Raising a child is no different than training. Whether that's military training, school training or job training. It is simple. You tell the child what to do. You show the child what to do. You let the child do it by him/herself. You coach the child if not done properly. You let the child do it by him/herself again...and again and again and again and again and again and again.....
When it comes to a plan (any sort of plan. What's happening that day. What is going to happen tomorrow, etc) Sterling needs constant coaching and cannot make it, on his own, from point A to point B. I have coached and praised and repeated myself and been sarcastic and been frustrated and been mad and repeated myself and repeated myself and repeated myself and repeated myself until my voicebox is swollen and barely works.
Sterling woke me up this morning and told me THAT TODAY, he and his mom were leaving for California for 5 days. What the hell???
"Are you ready to go?" I asked.
"I will be. I just gotta pack when I get home" (soooooo, like usual, the procrastinator will wait until the effing last possible minute)
"Did your mother let the attendance office know?"
"I have the note in my backpack. She gave it to me on Friday after school." (Monday was MLK and no school...perfect)
"Do your teachers know you are leaving? Do you know what homework you have?"
"No. I'll get it today." He said just a bit annoyed.
Lets nutshell so far...He and his mother were leaving for California tomorrow sometime. He didn't have an excused absence and he didn't know what his homework was. AND he was letting me know he was leaving for 5 days the day he was leaving.
I didn't know when she was going to pick him up. His room is a mess BUT I had just done his laundry.
I sent his mother a text message at 7am asking her to call me when she woke up so I could plan for the remainder of the day. When she called, she asked if she could pick up the boy tonight after she got off work. (which I figured would be around 9 or 10pm) She let me know that she did give Sterling the written excuse to get him out of school last Saturday. "Sorry," she said after she realized he hadn't given the school/me/his teachers any time to prepare.

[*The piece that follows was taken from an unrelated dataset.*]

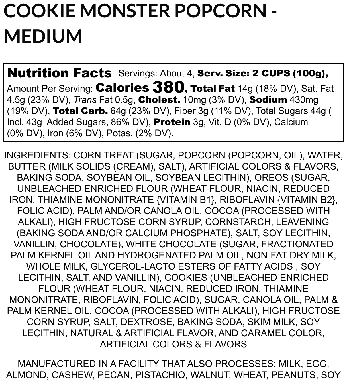 Indulge your sweet tooth with Cookie Monster Gourmet Popcorn, a vibrant blue treat bursting with birthday cake flavor. This delectable popcorn is generously sprinkled with crunchy Oreo cookie pieces and Chips Ahoy chocolate chip cookie crumbles, creating a perfect balance of texture and taste. To top it all off, itβs drizzled with smooth white chocolate, adding a creamy sweetness that will keep you coming back for more. Perfect for parties, gifting, or satisfying your snack cravings, this irresistibly fun and flavorful popcorn promises a delightful experience in every bite.

Sterling and I have a dinner routine. At his request. Dinner is at 6pm and we sit down at the table together. All fine and dandy. I prepared dinner tonight and had it ready at 6pm. He wasn't home. I didn't call or text. When I do, I discover his phone is usually turned off. He called me at 6:28 to ask if he needed to come home to eat dinner as his mom was coming to pick him up later and could he just hang with his friends until she did.
No. I told him to come home. Fifteen minutes later, he arrived with a friend. "Dad, I brought home Dylan to meet you because I haven't introduced him to you." He said.
He wasn't using his brain, it was apparent. I guess he thought if he brought Dylan home he wouldn't have to do anything until his mom came to pick him up.
"You have things to do." I said. I turned my head 15 degrees south and continued, "nice to meet you Dylan." Head swing back to Sterling and ACTION " Have you packed? Have you had dinner? Have you shown me the excused absence? Have you told me what homework you have? Have you cleaned your room?"
"...You gotta go, Dylan." Sterling told him.
I got him to pack. (with a bit of coaching) I got him to clean his room. I got him to put the remainder of dirty clothes in the washer and I got him to eat dinner. When he was done with dinner I asked him, in an attempt to figure out his thought processes, (as if I didn't know) what he was thinking. He had no good reason.
This crap is maddening. It happens every time. (if I'm not the one in charge)
That and I'm pissed he is leaving on my time of having him and not coming back until two days after I'm supposed to have him back. The little prick pisses me off but I'd rather have him here and be pissed off at him than not have him here.
I'm getting a headache typing this...I'm gonna go and clean something and regain some control in my life.